See [examples/gpu_turbo.cu](examples/gpu_turbo.cu).

```c++
#include "perfect/gpu_turbo.hpp"
```

* `Result get_gpu_turbo_state(GpuTurboState *state, unsigned int idx)`: Get the current turbo state for GPU `idx`, useful to restore later.
* `bool is_turbo_enabled(GpuTurboState state)`: Check if turbo is enabled.
* `Result set_gpu_turbo_state(GpuTurboState state, unsigned int idx)`: Set a previously saved turbo state.
* `Result disable_gpu_turbo(unsigned int idx)`: Disable GPU `idx` turbo.
* `Result enable_gpu_turbo(unsigned int idx)`: Enable GPU `idx` turbo.

### GPU Clocks

`perfect` can lock GPU clocks to their maximum values.
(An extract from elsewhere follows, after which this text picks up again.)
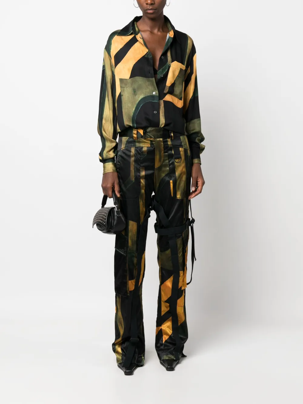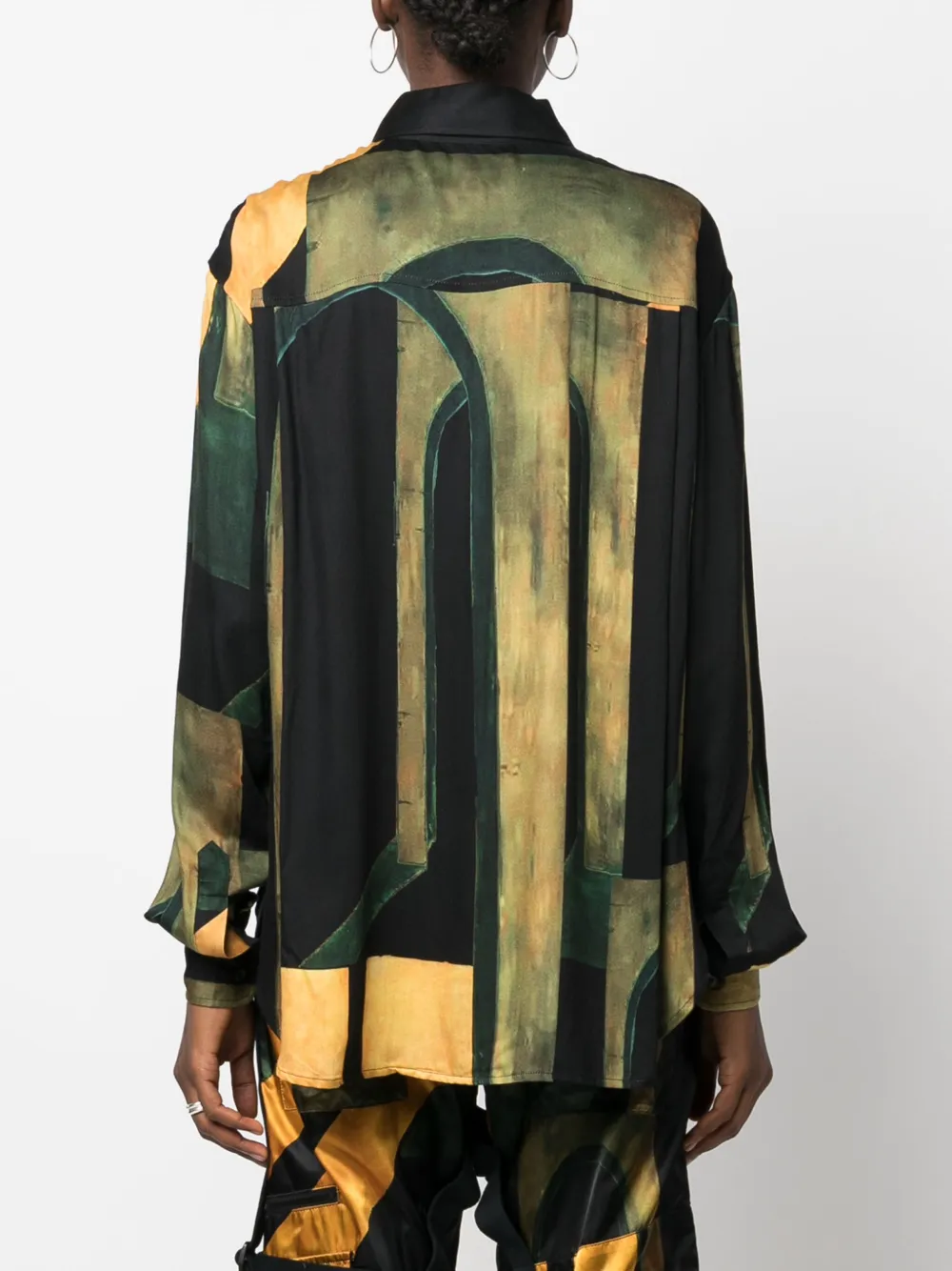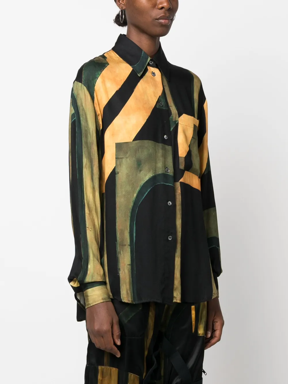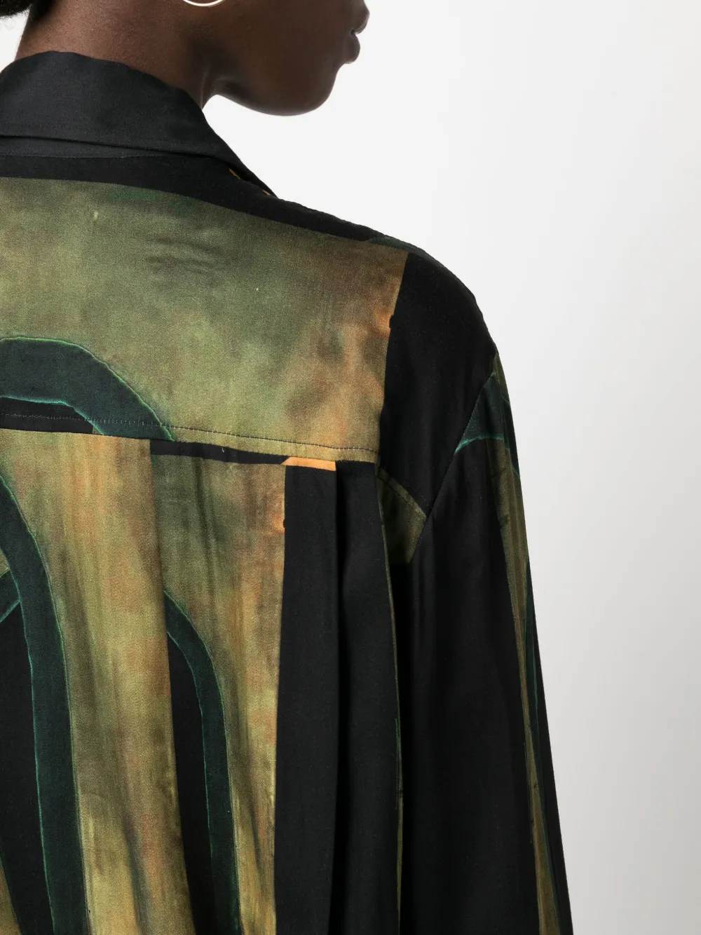 Черный/разноцветный, абстрактный принт, прямой воротник, застежка на пуговицах спереди, длинные рукава, манжеты на пуговицах, закругленный подол и неравномерный подол.

See [examples/gpu_clocks.cu](examples/gpu_clocks.cu).

```c++
#include "perfect/gpu_clocks.hpp"
```

* `Result set_max_gpu_clocks(unsigned int idx)`: Set GPU `idx` clocks to their maximum reported values.
* `Result reset_gpu_clocks(unsigned int idx)`: Unset GPU `idx` clocks.

### CPU Cache

`perfect` can flush data from CPU caches. Unlike the other APIs, these do not return a `Result` because they do not fail.
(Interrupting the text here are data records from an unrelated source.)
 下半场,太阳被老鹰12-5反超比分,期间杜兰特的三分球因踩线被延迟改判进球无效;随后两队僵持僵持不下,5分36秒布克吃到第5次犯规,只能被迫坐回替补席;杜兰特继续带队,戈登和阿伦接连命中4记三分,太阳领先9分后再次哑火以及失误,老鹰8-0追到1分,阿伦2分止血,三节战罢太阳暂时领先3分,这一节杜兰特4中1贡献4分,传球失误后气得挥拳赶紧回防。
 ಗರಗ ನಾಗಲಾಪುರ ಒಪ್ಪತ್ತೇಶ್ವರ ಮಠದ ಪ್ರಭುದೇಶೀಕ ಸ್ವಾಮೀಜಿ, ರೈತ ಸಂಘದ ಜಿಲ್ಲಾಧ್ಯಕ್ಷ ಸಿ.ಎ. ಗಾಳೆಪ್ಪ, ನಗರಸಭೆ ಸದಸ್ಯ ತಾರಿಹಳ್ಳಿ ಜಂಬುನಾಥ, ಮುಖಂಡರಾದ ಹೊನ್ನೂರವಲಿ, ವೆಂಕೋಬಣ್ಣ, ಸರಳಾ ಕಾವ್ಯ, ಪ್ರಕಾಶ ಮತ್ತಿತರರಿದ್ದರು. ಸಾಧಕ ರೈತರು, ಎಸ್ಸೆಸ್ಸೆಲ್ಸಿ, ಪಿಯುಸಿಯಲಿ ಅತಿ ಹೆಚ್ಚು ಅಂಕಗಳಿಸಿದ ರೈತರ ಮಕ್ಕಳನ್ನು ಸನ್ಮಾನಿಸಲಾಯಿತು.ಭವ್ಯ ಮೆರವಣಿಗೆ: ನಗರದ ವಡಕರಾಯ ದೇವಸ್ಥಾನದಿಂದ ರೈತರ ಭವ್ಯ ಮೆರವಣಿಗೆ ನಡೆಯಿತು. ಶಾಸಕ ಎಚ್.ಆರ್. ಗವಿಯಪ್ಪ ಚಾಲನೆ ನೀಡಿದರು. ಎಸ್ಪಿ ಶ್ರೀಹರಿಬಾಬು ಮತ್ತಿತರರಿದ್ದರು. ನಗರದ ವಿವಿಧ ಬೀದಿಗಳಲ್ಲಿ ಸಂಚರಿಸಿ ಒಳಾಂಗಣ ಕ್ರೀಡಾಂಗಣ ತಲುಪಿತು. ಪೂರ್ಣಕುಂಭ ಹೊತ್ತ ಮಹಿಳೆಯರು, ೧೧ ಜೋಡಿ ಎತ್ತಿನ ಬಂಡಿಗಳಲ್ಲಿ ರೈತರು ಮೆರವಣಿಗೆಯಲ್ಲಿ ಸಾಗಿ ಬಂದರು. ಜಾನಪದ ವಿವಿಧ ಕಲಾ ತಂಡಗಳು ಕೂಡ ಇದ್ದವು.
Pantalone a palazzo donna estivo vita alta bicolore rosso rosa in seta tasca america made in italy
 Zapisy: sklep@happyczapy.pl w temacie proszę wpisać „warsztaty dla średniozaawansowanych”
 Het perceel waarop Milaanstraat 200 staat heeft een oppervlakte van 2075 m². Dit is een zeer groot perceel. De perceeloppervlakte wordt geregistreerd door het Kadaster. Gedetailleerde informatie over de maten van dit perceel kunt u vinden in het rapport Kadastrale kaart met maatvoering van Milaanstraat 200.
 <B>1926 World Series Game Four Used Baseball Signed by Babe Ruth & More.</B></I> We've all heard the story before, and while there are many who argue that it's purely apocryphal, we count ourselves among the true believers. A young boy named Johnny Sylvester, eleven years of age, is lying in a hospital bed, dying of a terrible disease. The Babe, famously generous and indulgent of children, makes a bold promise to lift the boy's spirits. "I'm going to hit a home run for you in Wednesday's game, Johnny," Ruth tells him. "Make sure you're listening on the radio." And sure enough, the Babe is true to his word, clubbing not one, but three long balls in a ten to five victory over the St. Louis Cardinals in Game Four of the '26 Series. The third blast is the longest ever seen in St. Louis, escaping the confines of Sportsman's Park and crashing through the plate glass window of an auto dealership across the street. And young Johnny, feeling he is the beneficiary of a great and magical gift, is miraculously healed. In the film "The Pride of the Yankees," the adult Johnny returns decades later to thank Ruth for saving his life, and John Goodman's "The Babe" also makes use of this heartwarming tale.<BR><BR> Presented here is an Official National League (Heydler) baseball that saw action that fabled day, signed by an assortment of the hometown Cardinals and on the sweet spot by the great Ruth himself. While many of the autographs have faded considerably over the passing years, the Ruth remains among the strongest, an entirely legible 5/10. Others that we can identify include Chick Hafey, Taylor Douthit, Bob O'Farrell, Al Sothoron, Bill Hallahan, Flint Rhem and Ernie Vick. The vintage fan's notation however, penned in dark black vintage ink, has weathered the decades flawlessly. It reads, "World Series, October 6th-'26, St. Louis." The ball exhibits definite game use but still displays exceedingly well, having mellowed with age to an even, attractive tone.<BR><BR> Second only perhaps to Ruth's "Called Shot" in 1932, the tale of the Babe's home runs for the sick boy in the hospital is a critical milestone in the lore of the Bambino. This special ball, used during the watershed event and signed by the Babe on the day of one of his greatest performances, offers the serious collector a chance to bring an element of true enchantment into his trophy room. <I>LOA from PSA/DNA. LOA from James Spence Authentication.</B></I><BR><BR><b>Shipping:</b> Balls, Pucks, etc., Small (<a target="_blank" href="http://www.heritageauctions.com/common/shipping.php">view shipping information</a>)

See [examples/cpu_cache.cpp](examples/cpu_cache.cpp).

```c++
#include "perfect/cpu_cache.hpp"
```

* `void flush_all(void *p, const size_t n)`: Flush all cache lines starting at `p` for `n` bytes.

## Changelog

* v0.3.0
    * Add filesystem cache interface
* v0.2.0
    * add GPU monitoring
    * Make CUDA optional
* v0.1.0
    * cache control
    * Intel P-State control
    * linux governor control
    * POWER cpufreq control
    * Nvidia GPU boost control
    * Nvidia GPU clock control

## Wish List

- [ ] only monitor certain GPUs
- [ ] A wrapper utility
    - [ ] disable hyperthreading
    - [ ] reserve cores 
    - [ ] set process priority
    - [ ] disable ASLR

## Related

* [LLVM benchmarking instructions](https://llvm.org/docs/Benchmarking.html#linux) covering ASLR, Linux governor, cpuset shielding, SMT, and Intel turbo.
* [easyperf.net](https://easyperf.net/blog/2019/08/02/Perf-measurement-environment-on-Linux#2-disable-hyper-threading) blog post discussing ACPI/Intel turbo, SMT, Linux governor, CPU affinity, process priority, file system caches, and ASLR.